*INSTRUCTIONS TO FOLLOW*: Begin at the line that holds "川奇 感冒灵胶囊 0.5g*12粒感冒药解热镇痛 头痛发热 鼻塞流涕 咽痛" and retype every line through the end of the material, both included. Leave out the pictures.

*SOURCE DATA*:
***
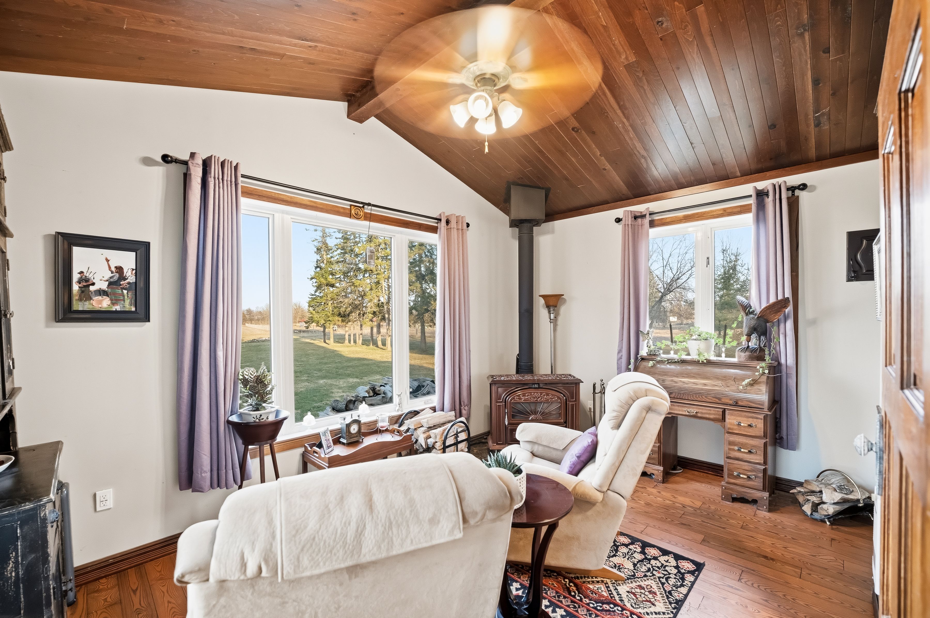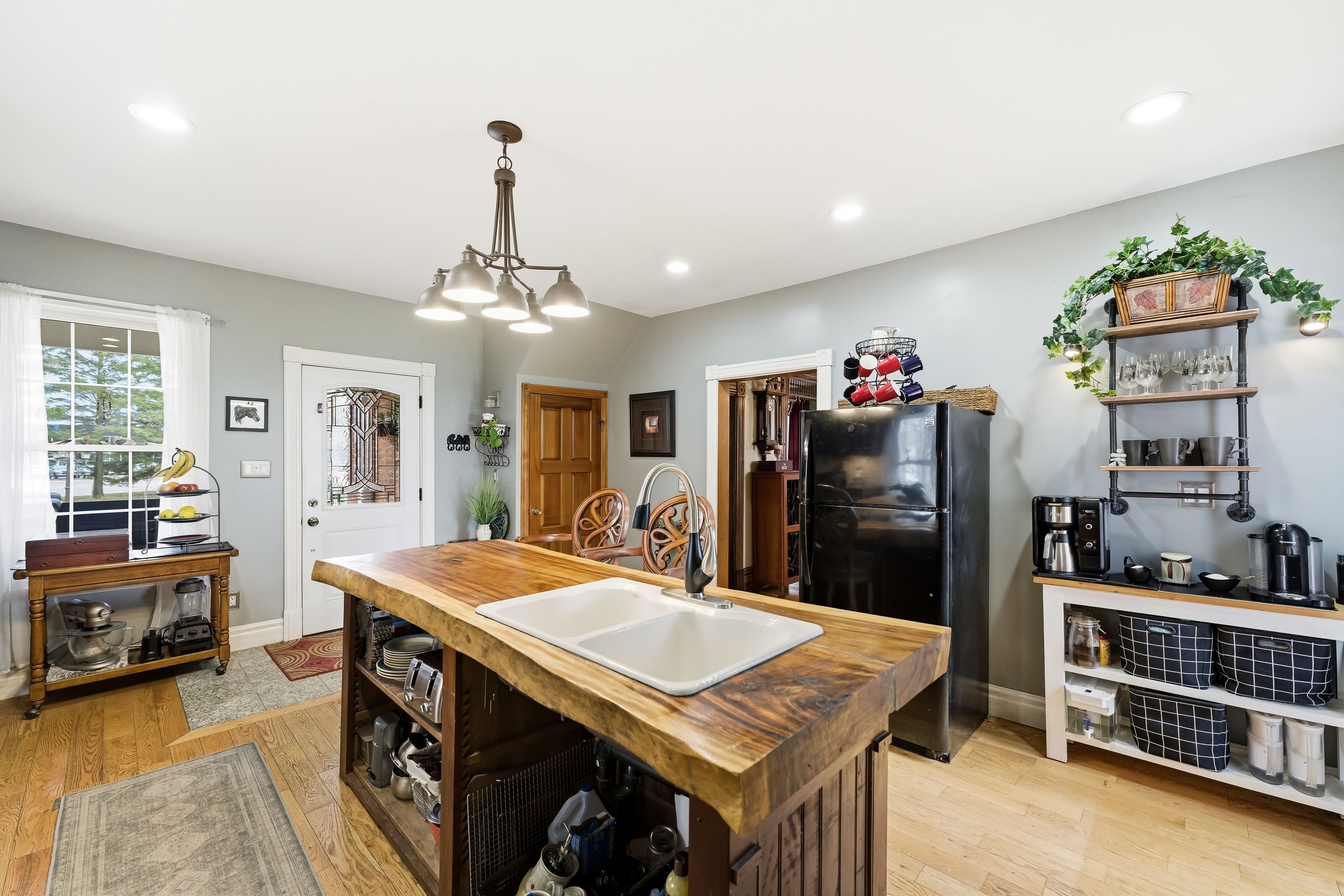 5 things you'll love about this property! 1) the location - located on 2. 5 acres at the very edge of belleville, this property offers a rare combination of peace and accessibility. While the property is tucked away in a private setting, it's still just minutes from all major amenities, including shopping, dining, and recreational options. With easy access to highway 401, commuting is a breeze, making this the perfect balance of country living with city convenience. 2) the workshop - a spacious former horse barn that has been converted into a workshop and storage area. It features multiple equipment storage areas with shelving, 1500 sqft loft, a tool storage room and a lounge area, providing plenty of space for projects, relaxation, or hobbies. The property is well suited to small to medium sized business on a well-travelled highway 62. 3) the coverall - the impressive 5,000-square-foot coverall building is ideal for multi-vehicle or boat storage. It also provides a sheltered space to stay active during winter and serves as an excellent place to store gear or run business ventures. 4) the kitchen - the kitchen blends modern luxuries with rustic charm, anchored by a stunning custom live-edge island countertop and accompanying granite countertops. With doors leading to both the front wraparound porch and backyard, it effortlessly connects indoor living with outdoor spaces, perfect for hosting or relaxing. 5) the sunroom - this bright and inviting sunroom is framed by a large picture window that overlooks the backyard. With cathedral ceilings and a custom wood-burning stove, it provides a cozy retreat year-round, whether you're enjoying coffee or winding down at the end of the day.
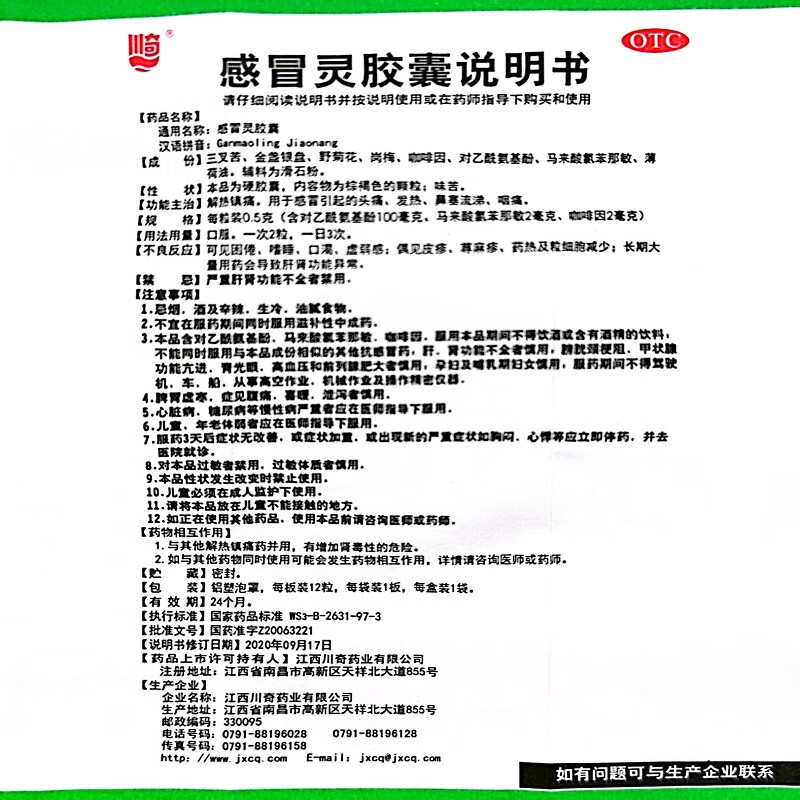 川奇 感冒灵胶囊 0.5g*12粒感冒药解热镇痛 头痛发热 鼻塞流涕 咽痛
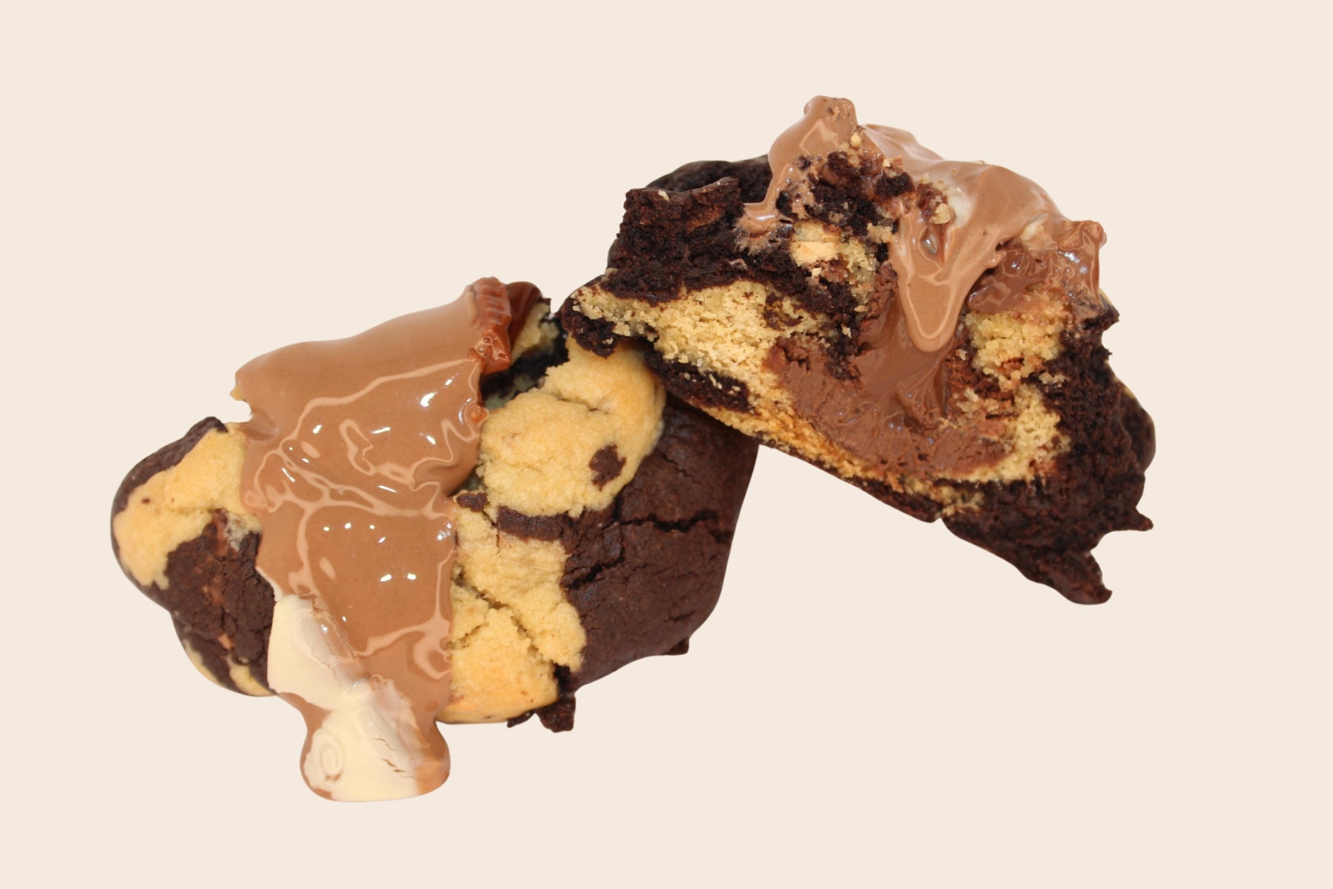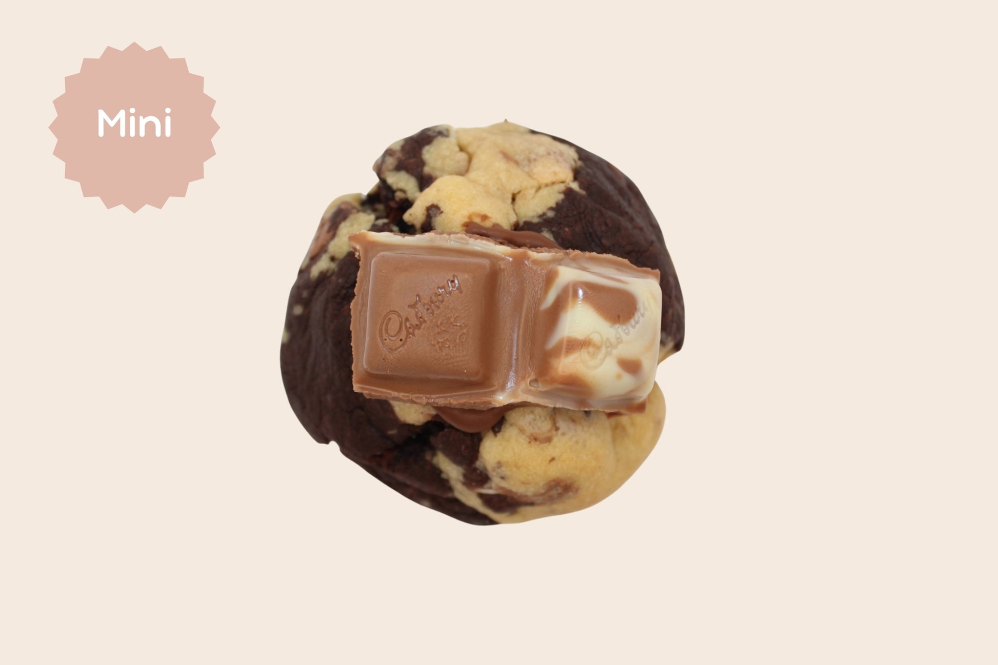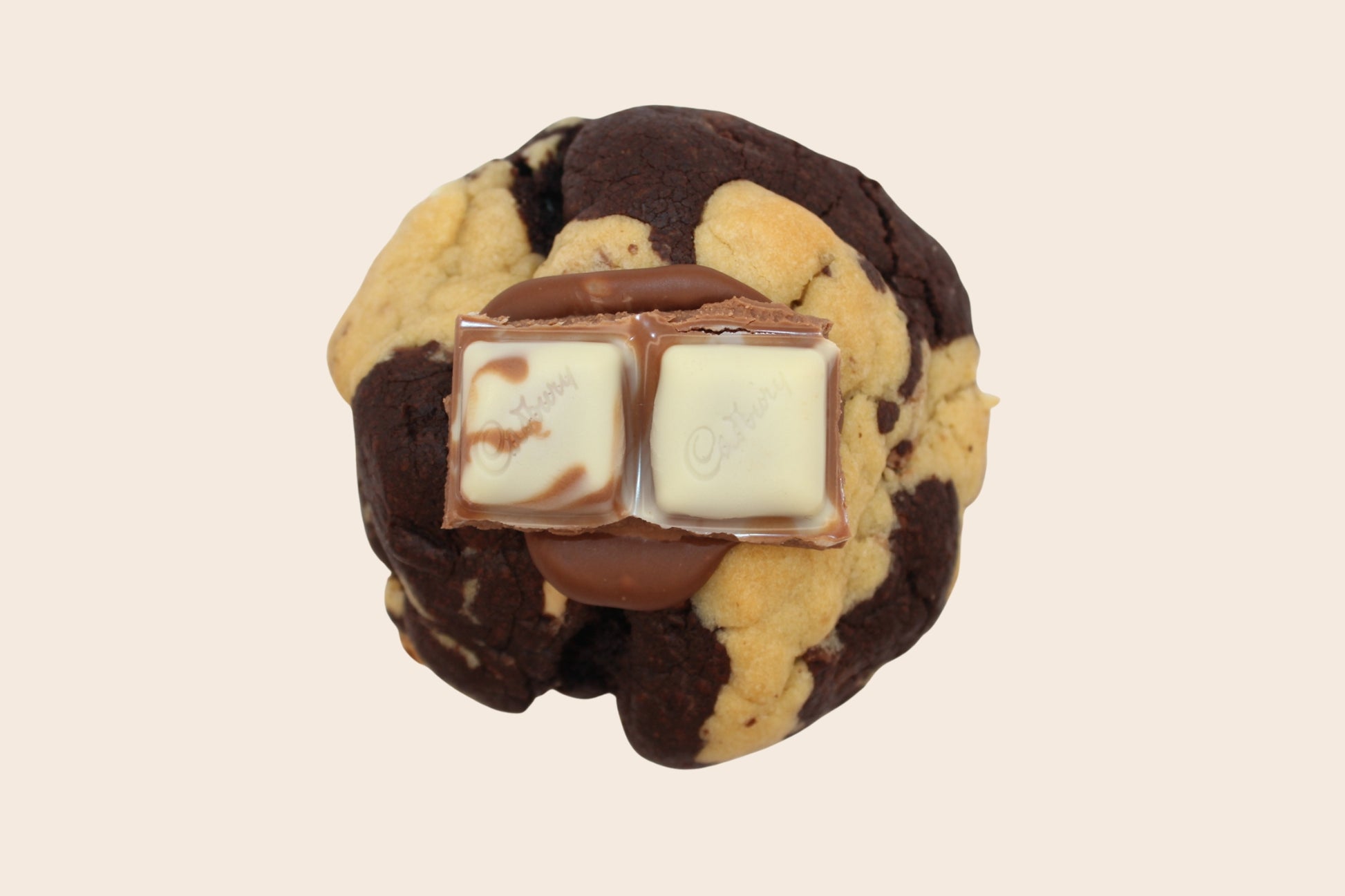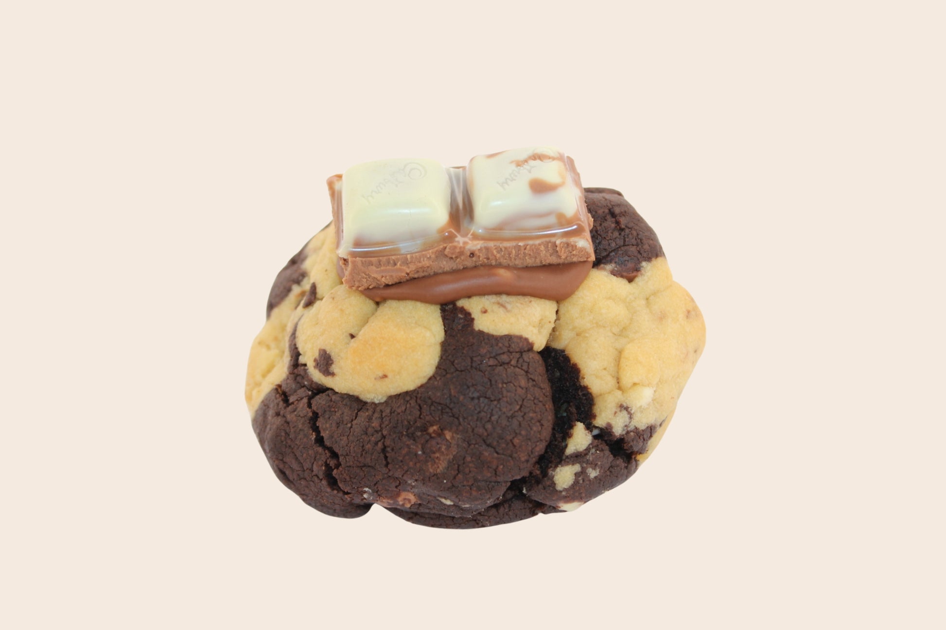 Swirled vanilla and chocolate dough packed with milk chocolate and Marble Caramilk, finished with a gooey hazelnut centre.
***
*WRITTEN SOLUTION*:
 川奇 感冒灵胶囊 0.5g*12粒感冒药解热镇痛 头痛发热 鼻塞流涕 咽痛
 Swirled vanilla and chocolate dough packed with milk chocolate and Marble Caramilk, finished with a gooey hazelnut centre.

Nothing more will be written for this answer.